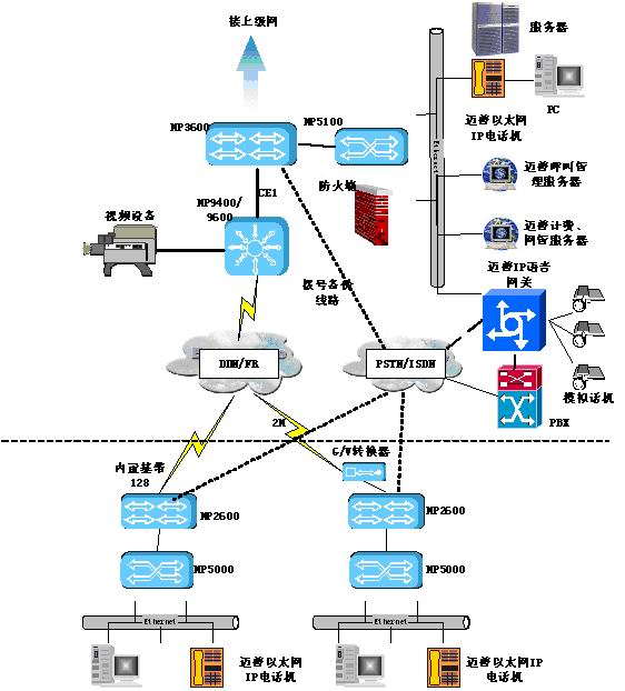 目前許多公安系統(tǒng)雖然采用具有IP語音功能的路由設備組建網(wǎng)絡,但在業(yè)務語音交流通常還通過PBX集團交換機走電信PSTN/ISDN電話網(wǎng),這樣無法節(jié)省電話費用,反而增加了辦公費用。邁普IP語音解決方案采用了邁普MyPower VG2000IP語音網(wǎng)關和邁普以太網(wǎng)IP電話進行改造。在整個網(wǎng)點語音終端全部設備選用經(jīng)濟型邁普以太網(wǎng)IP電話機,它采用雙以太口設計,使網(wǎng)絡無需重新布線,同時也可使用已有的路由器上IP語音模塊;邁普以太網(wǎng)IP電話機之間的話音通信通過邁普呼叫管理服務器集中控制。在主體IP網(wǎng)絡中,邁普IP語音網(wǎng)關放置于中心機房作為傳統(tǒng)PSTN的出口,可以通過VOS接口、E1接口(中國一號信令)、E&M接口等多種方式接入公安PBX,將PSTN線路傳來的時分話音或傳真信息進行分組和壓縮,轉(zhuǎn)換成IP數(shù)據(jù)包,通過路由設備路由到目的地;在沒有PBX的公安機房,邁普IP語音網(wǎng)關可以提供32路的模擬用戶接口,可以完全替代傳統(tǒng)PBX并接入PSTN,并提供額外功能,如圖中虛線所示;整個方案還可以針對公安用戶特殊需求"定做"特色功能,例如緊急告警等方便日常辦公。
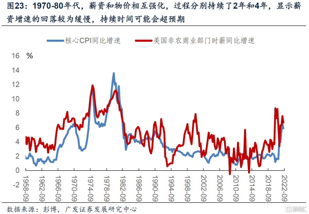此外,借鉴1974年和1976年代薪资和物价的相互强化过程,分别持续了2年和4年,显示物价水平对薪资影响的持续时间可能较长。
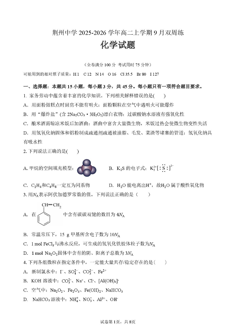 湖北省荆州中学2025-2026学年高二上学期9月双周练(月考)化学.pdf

──────

What the task requires.
Could you give the listing again exactly as it stands, minus any pictures?

Response to the task.
 目前許多公安系統(tǒng)雖然采用具有IP語音功能的路由設備組建網(wǎng)絡,但在業(yè)務語音交流通常還通過PBX集團交換機走電信PSTN/ISDN電話網(wǎng),這樣無法節(jié)省電話費用,反而增加了辦公費用。邁普IP語音解決方案采用了邁普MyPower VG2000IP語音網(wǎng)關和邁普以太網(wǎng)IP電話進行改造。在整個網(wǎng)點語音終端全部設備選用經(jīng)濟型邁普以太網(wǎng)IP電話機,它采用雙以太口設計,使網(wǎng)絡無需重新布線,同時也可使用已有的路由器上IP語音模塊;邁普以太網(wǎng)IP電話機之間的話音通信通過邁普呼叫管理服務器集中控制。在主體IP網(wǎng)絡中,邁普IP語音網(wǎng)關放置于中心機房作為傳統(tǒng)PSTN的出口,可以通過VOS接口、E1接口(中國一號信令)、E&M接口等多種方式接入公安PBX,將PSTN線路傳來的時分話音或傳真信息進行分組和壓縮,轉(zhuǎn)換成IP數(shù)據(jù)包,通過路由設備路由到目的地;在沒有PBX的公安機房,邁普IP語音網(wǎng)關可以提供32路的模擬用戶接口,可以完全替代傳統(tǒng)PBX并接入PSTN,并提供額外功能,如圖中虛線所示;整個方案還可以針對公安用戶特殊需求"定做"特色功能,例如緊急告警等方便日常辦公。
此外,借鉴1974年和1976年代薪资和物价的相互强化过程,分别持续了2年和4年,显示物价水平对薪资影响的持续时间可能较长。
 湖北省荆州中学2025-2026学年高二上学期9月双周练(月考)化学.pdf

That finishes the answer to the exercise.